Of de rechter die zich over de gegrondheid van de strafvordering moet uitspreken verplicht is een persoon, die tijdens het vooronderzoek een voor een beklaagde belastende verklaring heeft afgelegd, te horen als getuige indien die beklaagde daarom verzoekt, moet worden beoordeeld in het licht van het door artikel 6.1 EVRM gewaarborgde recht op een eerlijk proces en het door artikel 6.3.d EVRM gewaarborgde recht om getuigen à charge te ondervragen of te doen ondervragen. Wezenlijk daarbij is of de tegen de beklaagde gevoerde strafvervolging in haar geheel beschouwd eerlijk verloopt, wat niet uitsluit dat de rechter niet alleen rekening houdt met het recht van verdediging van die beklaagde, maar ook met de belangen van de samenleving, de slachtoffers en de getuigen zelf.

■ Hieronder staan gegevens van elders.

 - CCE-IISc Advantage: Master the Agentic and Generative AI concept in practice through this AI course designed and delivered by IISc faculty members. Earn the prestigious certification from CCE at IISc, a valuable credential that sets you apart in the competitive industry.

Uit artikel 6.1 EVRM volgt in de regel dat het tegen een beklaagde aangevoerde bewijs hem wordt voorgelegd tijdens een openbare rechtszitting en de beklaagde dit bewijs moet kunnen tegenspreken.

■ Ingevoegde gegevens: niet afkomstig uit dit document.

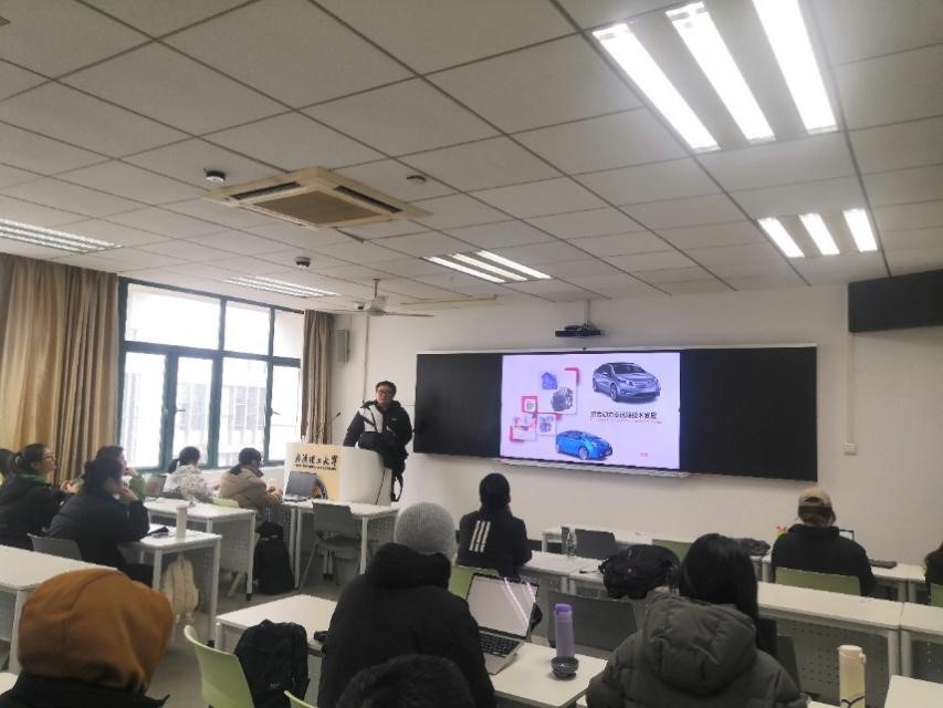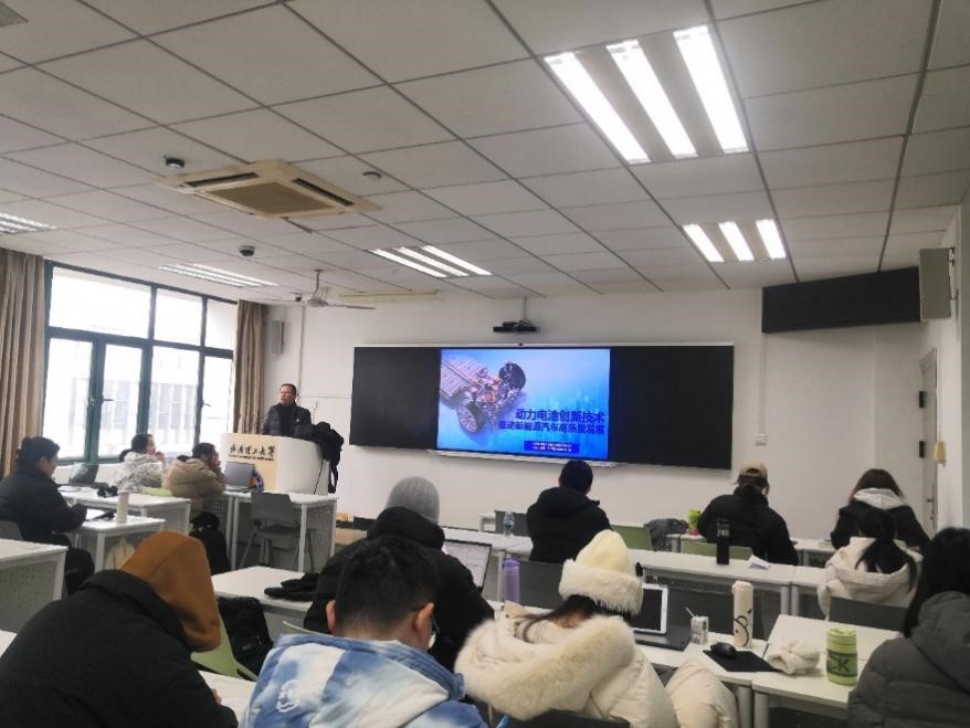 On December 26, three senior engineers from SAIC-GM, Huang Guanyu, Zhang Xing, and Yu Zizhao, were invited to the School of Entrepreneurship at Wuhan University of Technology to deliver a professional knowledge lecture on cutting-edge new energy vehicle (NEV) technologies. The lecture provided a valuable opportunity for students to enjoy an enriching knowledge feast.

Artikel 6.1 en 6.3.d EVRM, zoals uitgelegd door het Europees Hof voor de Rechten van de Mens, vereist dat om een belastende verklaring van een tijdens het vooronderzoek gehoorde persoon als bewijs in aanmerking te nemen, zonder dat de beklaagde de gelegenheid had die persoon als getuige op de rechtszitting te ondervragen, de rechter nagaat of:
(i) er ernstige redenen zijn voor het niet-horen van de getuige, dit wil zeggen feitelijke of juridische gronden die de afwezigheid van de getuige op de rechtszitting kunnen verantwoorden;
(ii) de belastende verklaring het enige of doorslaggevende element is waarop de schuldigverklaring steunt, waarbij onder doorslaggevend wordt verstaan bewijs dat dermate belangrijk is dat het aannemelijk is dat het het resultaat van de zaak heeft bepaald;
(iii) er voor het niet-kunnen ondervragen van de getuige voldoende compenserende factoren zijn met inbegrip van sterke procedurele waarborgen. Dergelijke compenserende factoren kunnen onder meer bestaan in het toekennen van een mindere bewijswaarde aan dergelijke verklaringen, het voorhanden zijn van een video-opname van het tijdens het vooronderzoek afgenomen verhoor wat een beoordeling van de betrouwbaarheid van de verklaring moet toelaten, het bestaan van bewijsmateriaal dat de inhoud van de tijdens het vooronderzoek afgelegde verklaring ondersteunt of bevestigt, de mogelijkheid om aan de getuige geschreven vragen te bezorgen of de gelegenheid die de beklaagde had om tijdens het vooronderzoek de getuige te ondervragen of te doen ondervragen en de mogelijkheid voor de beklaagde om zijn standpunt kenbaar te maken op het vlak van de geloofwaardigheid van de getuige of interne strijdigheden in die verklaring of strijdigheid met verklaringen van andere getuigen.
In de regel zal de rechter de impact op het eerlijk proces van het niet-horen op de rechtszitting van een getuige die tijdens het vooronderzoek een belastende verklaring heeft afgelegd, beoordelen aan de hand van de drie voormelde criteria en in de vermelde volgorde, tenzij één van de criteria van dermate overwegend belang is dat dit criterium volstaat om uit te maken of het strafproces in zijn geheel beschouwd al dan niet eerlijk verloopt.